The Milwaukee Art Museum traces its origins to two different institutions, both established in 1888: the Layton Art Gallery and the Milwaukee Art Association. To celebrate the 125th anniversary of these founding organizations, the museum has organized a quasquicentennial exhibition, “125 Years of the Milwaukee Art Museum.” On display are photographs, architectural models, videos, brochures and other objects that chronicle and commemorate the history of the museum. The exhibition plays up the MAM's important architectural commissions including the neo-classical Layton Art Gallery of 1888, Eliel and Eero Saarinen’s War Monument Building of 1957—which became the museum’s home after the two founding institutions formally merged—and the Quadracci Pavilion designed by starchitect Santiago Calatrava and completed in 2001. In addition, a number of works from the Frederick Layton Art collection (the museum’s founding collection) are on view and highlighted throughout the museum. Through August 10, 2013.
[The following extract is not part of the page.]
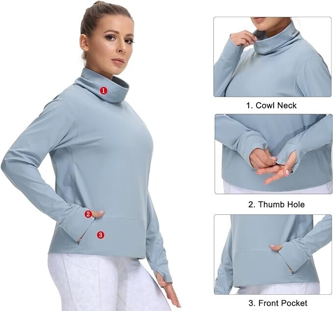 new THE GYM PEOPLE Women's Long Sleeve Cowl Neck Loose Fit Workout Hiking Pullover Sweatshirt With Pockets

"Question Bridge: Black Males"
When the MAM decided to display the video installation Question Bridge: Black Males, no could have predicted the outcome of the George Zimmerman trial and the spotlight it cast on American attitudes toward African-American males in the 21st century. All the more compelling, then, is this five-channel video installation organized by artists Chris Johnson and Hank Willis Thomas in collaboration with Bayeté Ross Smith and Kamal Sinclair. The video features dozens of African-American men who ask each other questions such as “What is the reluctance to take responsibility for improving our communities?” and “Why do we keep using the ‘n-word’?” The answers are amazingly frank and reflect a diversity of opinions. At three-hours long, the installation is exhaustive in its questioning; but a 20-minute viewing is enough to become immersed in the conversation and engrossed by the differing perspectives. Through September 8, 2013.

"30 Americans"
On loan to the Milwaukee Art Museum from the Miami-based Rubell Family Foundation, “30 Americans” features 75 works from a who’s who of contemporary African-American artists, including Kara Walker, Kerry James Marshall, Rashid Johnson and Nick Cave. The show’s quality of works and breadth of content is worthy of a summer blockbuster. Standout pieces include iconic works such as Jean-Michel Basquiat's Bird on Money (1981) and Kehinde Wiley’s Equestrian Portrait of the Court–Duke Olivares (2005). Appropriation is a strategy used by many artists in “30 Americans," who borrow and manipulate text and images to question authority or challenge conventional meanings. Great examples include Iona Rozeal Brown’s Sacrifice #2: it has to last (2007) which combines Japanese pictorial devices with hip-hop themes, and Glen Ligon’s Gold When Black Wasn’t Beautiful #1 (2007) which appropriates jokes by Richard Pryor to address larger questions of identity and aesthetics. A companion show, “Wisconsin 30” presents the works of 30 African-American artists with ties to Wisconsin. Through September 8, 2013.

"Tattoo: Flash Art of Amund Dietzel"
Amund Dietzel (1891–1974), once known as the “Master of Milwaukee,” was an ex-sailor with a talent for tattooing. Inked from feet to neck, Dietzel traveled in carnival sideshows as the "tattooed man" before opening his own tattoo shop in downtown Milwaukee in 1913. Contemporary tattoo artist Jon Reiter has spent years collecting what remains of Dietzel's "flash" or tattoo design drawings. Gathered from private collectors and Dietzel's surviving family members, approximately 800 flash from Reiter’s collection are on display here, including classic designs featuring Chinese dragons, hearts, crosses, daggers, American flags and, of course, buxom women. Dietzel’s signature flash featured a stalking panther, a motif that he developed and refined over the years. The exhibition, the first of its kind at the Milwaukee Art Museum, preserves the tattoo artist's nearly forgotten legacy while revealing a little-known chapter in Milwaukee’s past. Through October 13, 2013.